### Supplied information
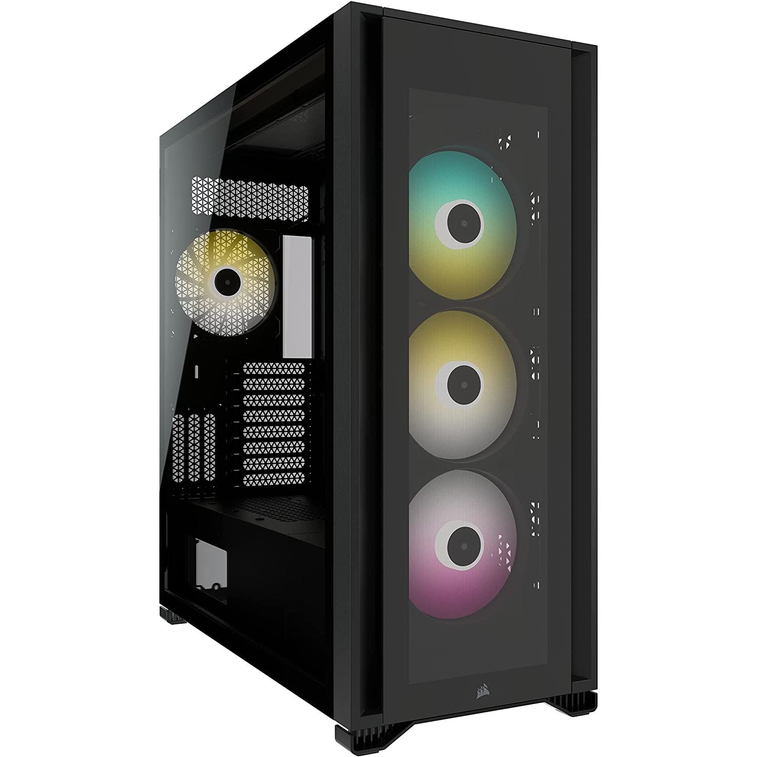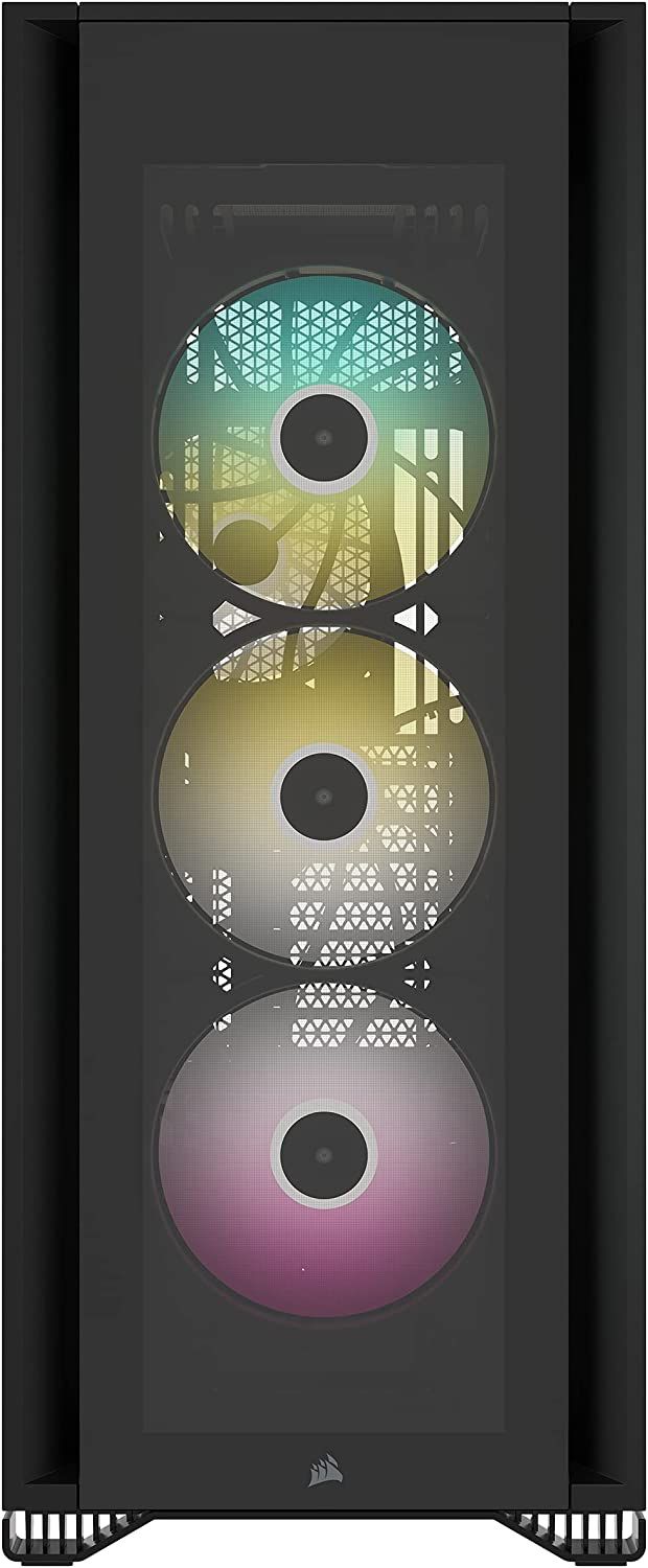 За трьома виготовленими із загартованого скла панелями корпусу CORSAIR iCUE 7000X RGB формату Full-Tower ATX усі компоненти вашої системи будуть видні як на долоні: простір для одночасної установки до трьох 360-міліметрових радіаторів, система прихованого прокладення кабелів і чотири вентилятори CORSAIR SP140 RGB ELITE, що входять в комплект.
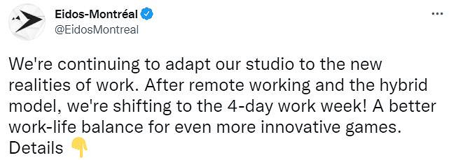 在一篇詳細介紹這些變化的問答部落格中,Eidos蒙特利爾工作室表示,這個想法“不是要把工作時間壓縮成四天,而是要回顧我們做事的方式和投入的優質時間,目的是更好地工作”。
...
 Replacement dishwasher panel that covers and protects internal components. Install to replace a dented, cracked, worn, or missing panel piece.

### Task objective
Reproduce the listing above exactly from the line containing "За трьома виготовленими" up to and including the line containing "在一篇詳細介紹這些變化的問答", omitting any images and everything outside those lines.

### Worked solution
 За трьома виготовленими із загартованого скла панелями корпусу CORSAIR iCUE 7000X RGB формату Full-Tower ATX усі компоненти вашої системи будуть видні як на долоні: простір для одночасної установки до трьох 360-міліметрових радіаторів, система прихованого прокладення кабелів і чотири вентилятори CORSAIR SP140 RGB ELITE, що входять в комплект.
 在一篇詳細介紹這些變化的問答部落格中,Eidos蒙特利爾工作室表示,這個想法“不是要把工作時間壓縮成四天,而是要回顧我們做事的方式和投入的優質時間,目的是更好地工作”。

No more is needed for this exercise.